Противник отступил на шаг. Верхняя, застиранная часть формы резко контрастировала со штанами хакама насыщенного синего цвета, на спине, там, где перекрещивались завязки нагрудника, материя вытерлась, выцвела, образовав покосившийся белый крест. В этом месте свисал яркий красный лоскут.
Хонде, который уже начал ориентироваться в приемах, было хорошо видно, как опасно напряглись в налокотниках руки Иинумы, сделавшего еще один шаг вперед.
Руки, которые выступали между налокотником и отверстием рукава, были крепкими, уже не юношескими: с внутренней стороны бугрились напрягшиеся мускулы; на белую кожу изнанки налокотников переполз кобальт лицевой стороны, и она приобрела лирический цвет рассветных сумерек.

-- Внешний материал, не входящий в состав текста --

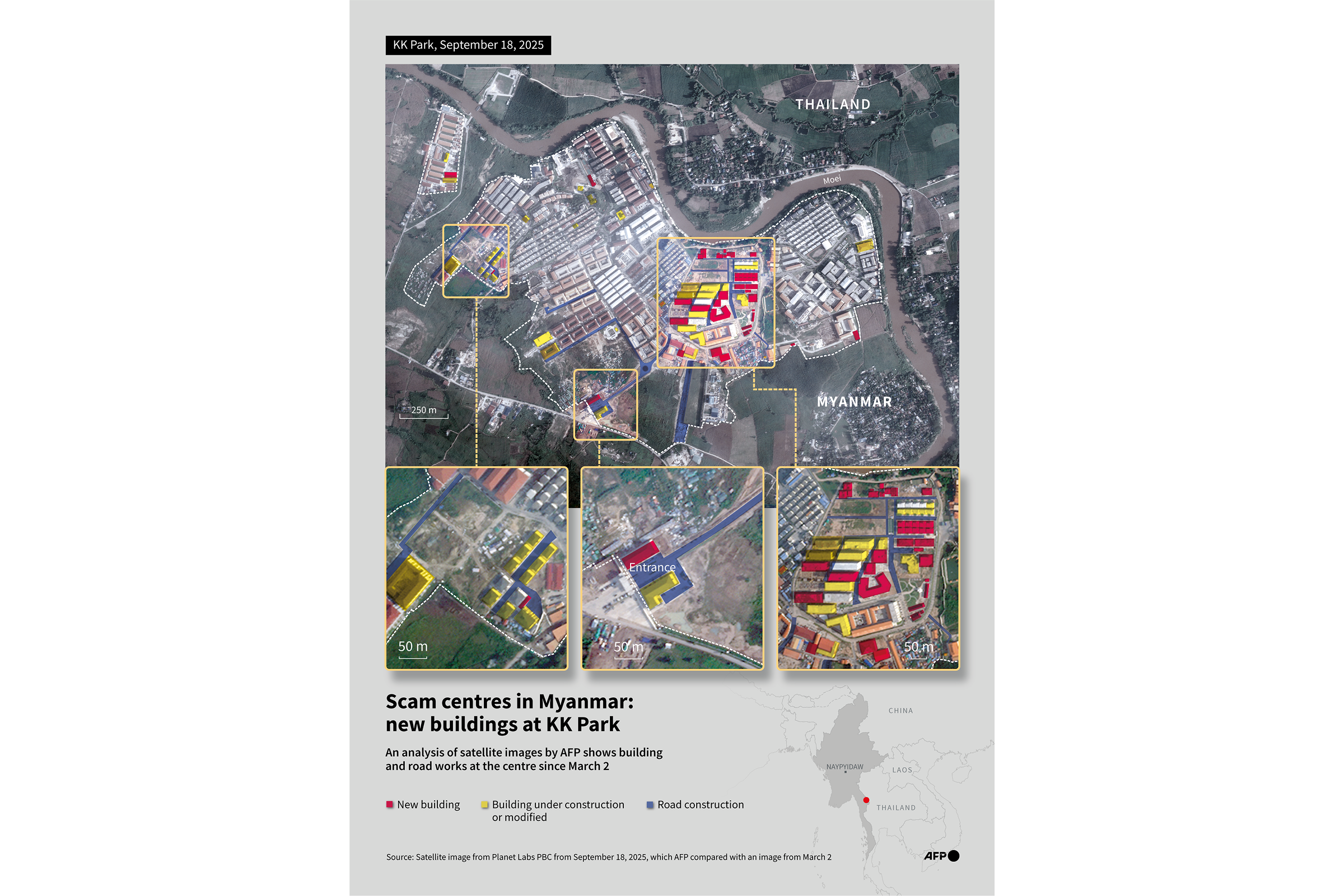 Infographic with a satellite image from Planet Labs PBC showing the scam centre KK Park in Myanmar, near the border with Thailand, and highlighting new buildings between March 2, 2025, and September 18, 2025. © Sabrina Blanchard / PLANET LABS PBC / AFP

Острия скрестившихся мечей, несмотря на свою толщину, казались обнаженными нервами.
— Яаа, — надменно выкрикнул противник.
— Аря-аря-аря, — громко и чисто отозвался Иинума.
Соперник нацелился на нагрудник, но Иинума отвел меч вправо — раздался треск, похожий на треск ломающегося бамбука. Противники сошлись маска к маске, судья развел их.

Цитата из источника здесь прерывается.